La qualità dell’innovazione, dipendente dalla performance di un prodotto o servizio, influisce sulla sua diffusione, ma
contano molto anche le caratteristiche del sistema sociale ed il canale di comunicazione utilizzato.
Le variabili che incidono sulla diffusione dell’innovazione sono:
1. Il vantaggio relativo, cioè la percezione che essa sia migliore di un prodotto esistente;
2. La compatibilità con i valori, le esperienze e le necessità dei potenziali utilizzatori;
3. La complessità nel comprenderla e utilizzarla;
4. La sperimentabilità, la possibilità di sperimentarla su una base limitata, senza troppi rischi e costi;
5. L’osservabilità, la visibilità dei risultati da essa prodotti.

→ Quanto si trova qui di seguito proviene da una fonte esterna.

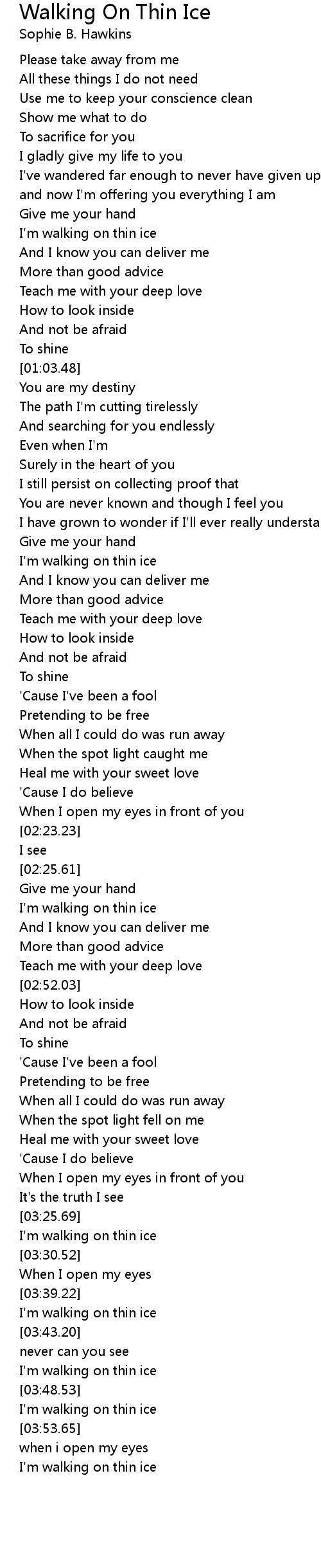 I'm walking on thin ice |

4. Ciclo di vita del settore


Il contesto settoriale è continuamente rimodellato dalla concorrenza e il ciclo di vita del settore si sviluppa in relazione
alla:
• crescita della domanda
• produzione e diffusione della conoscenza.
Il ciclo di vita del settore è diviso in 4 fasi:
1. introduzione:
- vendite limitate e numero limitato di clienti
- lenta penetrazione del mercato
- tecnologia innovativa, con scala limitata di produzione e mancanza di esperienza che portano a pressi e costi
elevati e bassa qualità
- tecnologia di prodotto progredisce rapidamente
- eterogeneità tecnologica: la concorrenza si sviluppa fra alternative e configurazioni progettuali
2. sviluppo:
- penetrazione scellerata del mercato
- standardizzazione tecnologica
- nuovi metodi di produzione di massa
- riduzione dei prezzi
- cambiamento tecnologico dall’innovazione di prodotto a innovazione di processo
3. maturità
- saturazione del mercato
- decelerazione dello sviluppo
- sviluppo della domanda di sostituzione
4. declino
prodotti sostitutivi sul mercato tecnologicamente superiori offerti da nuovi settori.
Il ciclo di vita di alcuni settori però possono subire delle variazioni, infatti ci sono:
• settori “technology-intensive” che possono presentare caratteristiche di settori emergenti, ossia si trovano nella
fase di introduzione o di sviluppo del loro ciclo di vita, perché la tecnologia continua a essere la maggior forza
trainante della concorrenza (s. farmaceutico, semiconduttori, computer)
• alcuni settori raggiungono la maturità ma non il declino (specialmente quelli riguardo i bisogni essenziali come
alimentari, abbigliamento, costruzioni)
• per alcuni settori ci potrebbe essere una rigenerazione del ciclo di vita, come nel caso delle biciclette
(mountain bike e ora biki elettrica, televisione HDTV e 3D)

5. Ciclo della tecnologia


Ciclo tecnologico è costituito da 4 fasi, che si susseguono a formare cicli evolutivi delle tecnologie, distinti ognuna dal
cambio di tecnologia.
a) Variazione, causata da discontinuità tecnologiche che conducono al rafforzamento di talune competenze e alla
distruzione di altre da parte delle organizzazioni;
b) Periodo di fermento, in cui le organizzazioni trovano nuove nicchie per sopravvivere ed ha luogo una
concorrenza tra design alternativi di nuove tecnologie;
c) Selezione, in cui le dinamiche sociali, politiche ed organizzative selezionano un design dominante tra le
differenti opportunità tecnologiche;
d) Ritenzione, in cui il design selezionato evolve attraverso periodi di conservazione relativamente lunghi,
subendo modifiche incrementali o innovazioni architetturali.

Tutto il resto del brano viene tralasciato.